House and Senate leaders met briefly Monday afternoon to lay the groundwork for negotiations on the two chambers’ vastly different approaches to gambling policy.
Sen. Bill Galvano, a Bradenton Republican who will chair the conference committee on gambling, said the panel won’t meet again before Thursday but could work over the weekend hashing out differences between the plans.
Lawmakers are trying to reach consensus on a new deal with the Seminole Tribe after a portion of an agreement with the tribe expired in 2015. That component of the 20-year deal gave the tribe “exclusive” rights to operate banked card games, such as blackjack, at most of its casinos.
The tribe sued the state over the games, and a federal judge gave the Seminoles permission to continue to conduct the games.
The House is backing what is essentially a status quo proposal that would give the Seminoles permission to operate the banked card games, such as blackjack, for another 20 years.
The Senate, in contrast, has endorsed a pari-mutuel friendly plan that would allow slot machines at pari-mutuels in the eight counties — Brevard, Duval, Gadsden, Hamilton, Lee, Palm Beach, St.
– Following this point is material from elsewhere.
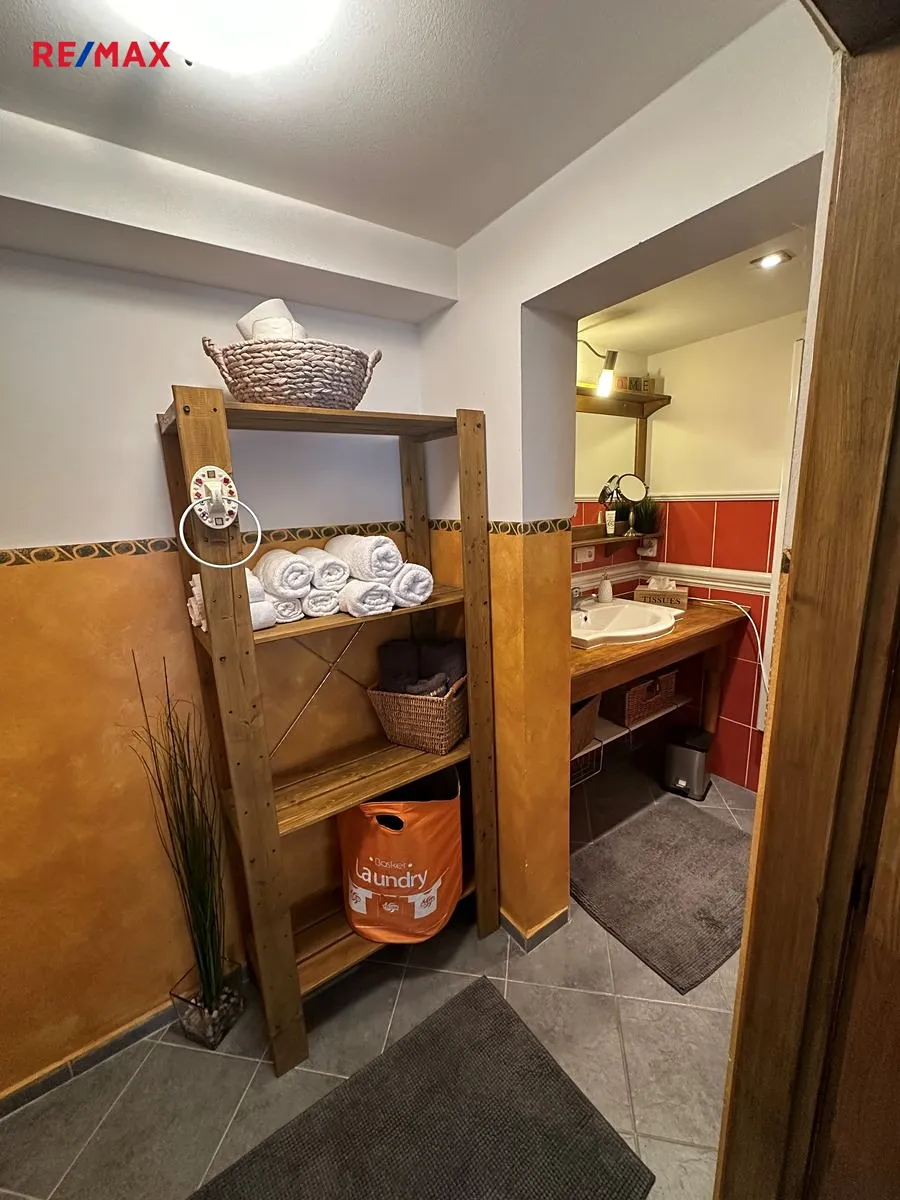 • koupelna s velkým zděným sprchovým koutem, umyvadlem a přípojkou na pračku
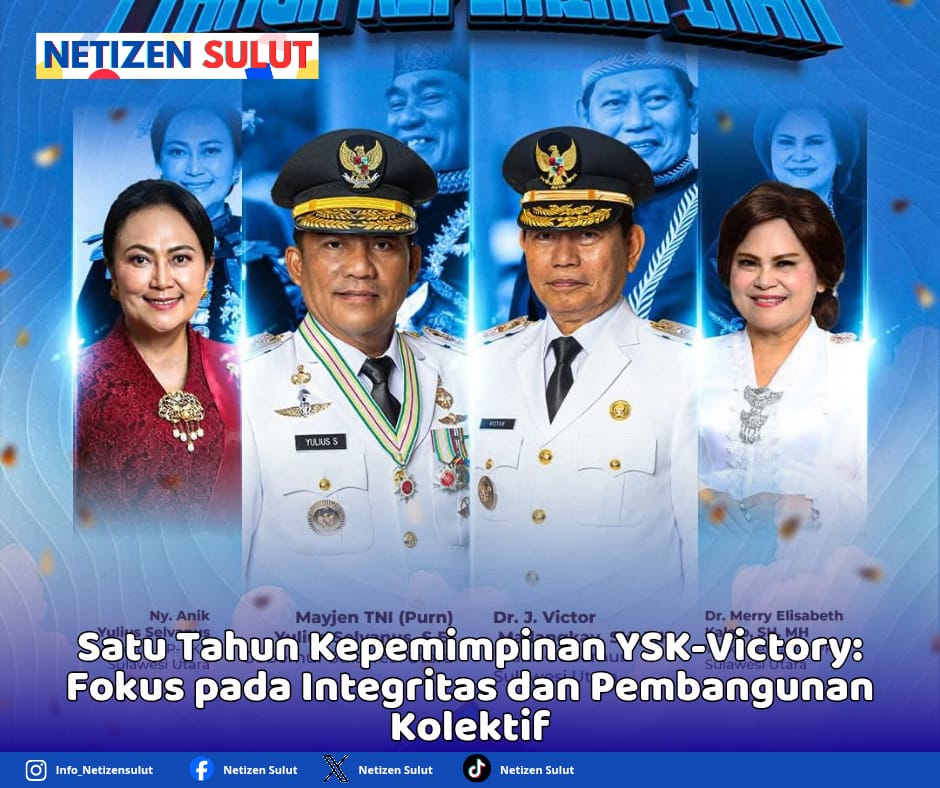 Netizensulut.com, MANADO – Gubernur Sulawesi Utara, Mayjen TNI (Purn) Yulius Selvanus, SE, bersama Wakil Gubernur Dr. J. Victor Mailangkay, SH, MH, menggelar acara syukur memperingati satu tahun masa bakti kepemimpinan mereka periode 2025-2029.

Lucie and Washington — where voters have approved them. Which pari-mutuels get slots — and where — is one of the biggest sticking points for the negotiators, according to Galvano and Rep. Jose Felix Diaz, a Miami Republican who is vice-chair of the gambling conference committee.
“Obviously, there are members from each of those communities that are looking out to make sure that one county doesn’t get new slots and their county is left out,” Diaz told reporters after the meeting.
Another point of contention involves controversial “designated player” card games operated by a number of pari-mutuel cardrooms, which are at the heart of the state’s legal dispute with the tribe. The Senate plan would legalize the card games, while the House proposal would ban them.
The tribe, which is seeking to add craps and roulette at its casinos, has maintained that the House measure — which would require a minimum guarantee from the tribe of $3 billion over seven years — would not get the requisite approval from federal authorities.
“We’re going to have to figure out what’s more important, (not) giving them those new games or getting more money for the state, because you might not be able to do both,” Diaz said.
Lawmakers, who for years have been unable to reach consensus on broad gambling legislation, could be more motivated this year by a series of court decisions that could jeopardize the nearly $120 million in annual payments paid to the state by the Seminoles.
“Given what has occurred over the last several years, but especially recently with the judicial branch and the decisions that are coming out and the complexity and the ambiguity of the issues that we’re dealing with, inaction is not an option. We have to act,” Galvano said.